Mixed race vote key to Cape Town in S. Africa pollsPosted in Africa, Articles, New Media, Politics/Public Policy, South Africa on 2011-05-17 04:44Z by Steven |
Mixed race vote key to Cape Town in S. Africa polls
The Citizen
2011-05-16
Justine Gerardy
Fruit seller Amien Cox will put his hopes on a white woman in South Africa’s local polls on Wednesday, 17 years after the fall of the racist apartheid regime that denied an all-race vote.
CAPE TOWN – Fruit seller Amien Cox will put his hopes on a white woman in South Africa’s local polls on Wednesday, 17 years after the fall of the racist apartheid regime that denied an all-race vote.

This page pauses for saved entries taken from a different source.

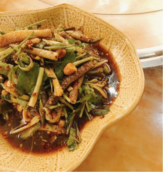 争取在日落之前下山,游览了一小段我们就原路返回了,到村委会清洗了鞋底,在天黑之前返程。晚饭吃了一顿著名的东江湖三文鱼套餐,三文鱼的味道并不惊喜,但鱼籽煎蛋和凉拌鱼皮很有特色。
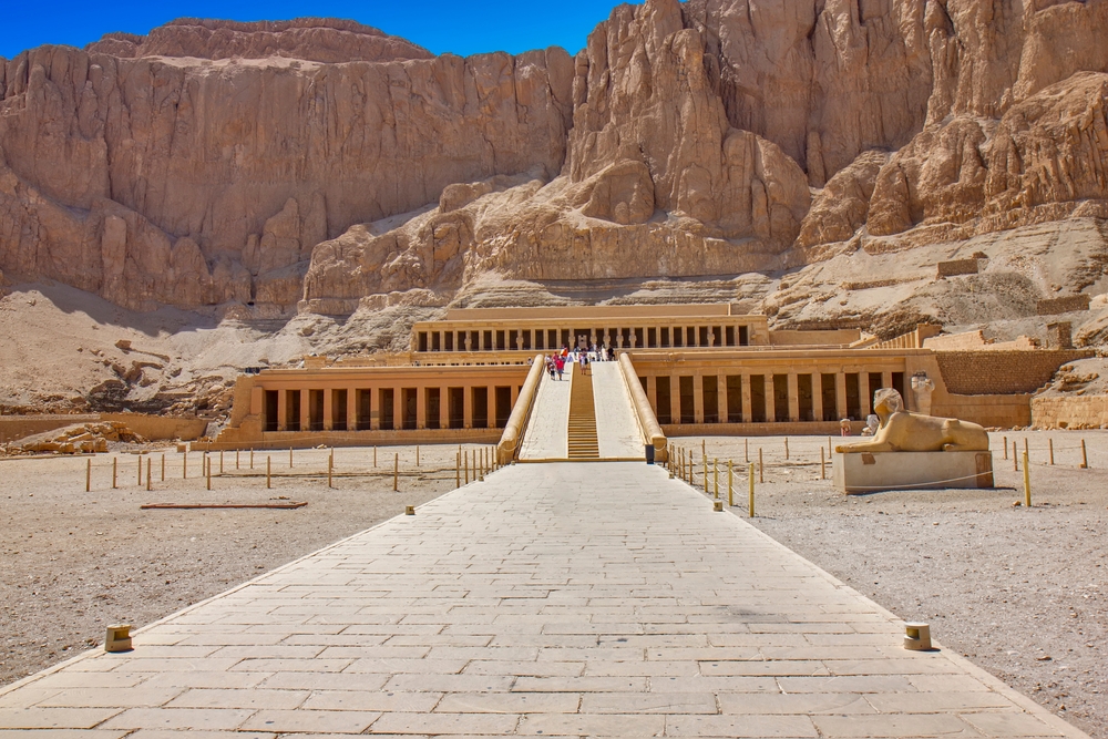 Visita del tempio della regina Hatshepsut, considerato uno dei capolavori dell'arte egizia, che rappresenta un importante esempio di come le strutture religiose fossero integrate con il paesaggio naturale. Sulla via del rientro si ammireranno le statue colossali gemelle di Memnon.
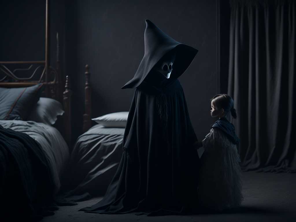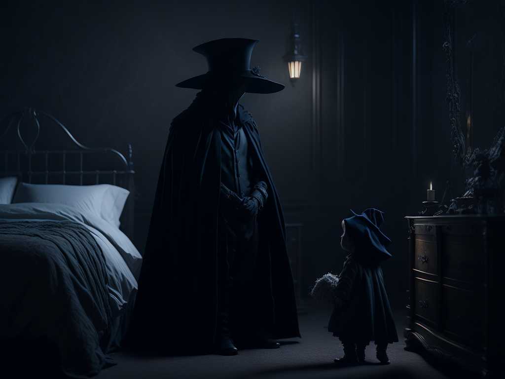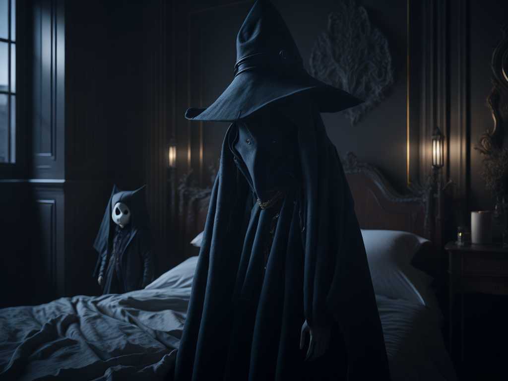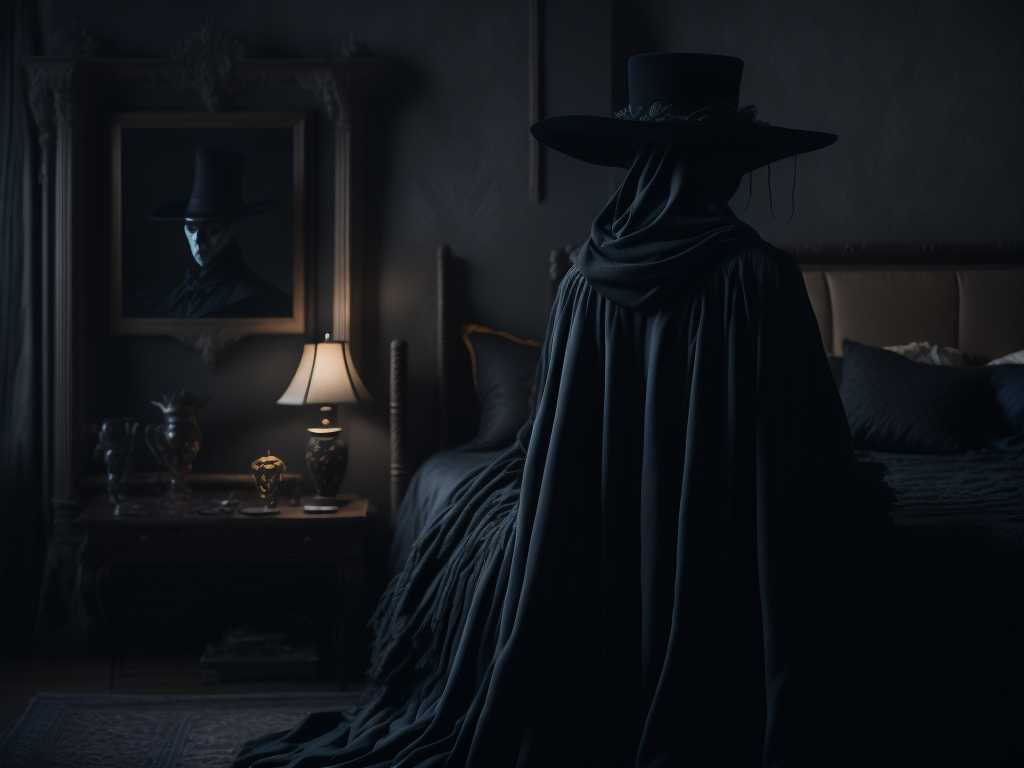 Состояние сонного паралича и черный силуэт человека в плаще и шляпе

“No other option: DA,” said the mixed race supporter of the Democratic Alliance over the ruling African National Congress (ANC) that led South Africa into democracy.
“I’ll never vote any ANC, never. I’ll never vote for a black man, never,” said Cox, 72. “They don’t worry for us.”
Politicians have scrambled to woo mixed race voters, known locally as coloureds, who are the majority in Cape Town, South Africa’s only major city not in ruling party hands.
The battle is a two-party race between President Jacob Zuma’s ANC, which lost the city five years ago, and the DA led by Helen Zille, who is the first female leader of the party.
The coloured group is tipped to back the DA—years after many cast their first votes in 1994 for apartheid’s white minority nationalists that oppressed them but ranked them higher than blacks…
…Coloureds who have African, European, East Asian and South Indian roots had more privileges than the darker-skinned black majority in apartheid’s strict hierarchy designed to keep South Africa’s people apart and protect white power.
The divisions cut across separate housing, education and even language with Dutch settler-derived Afrikaans spoken instead of local African languages.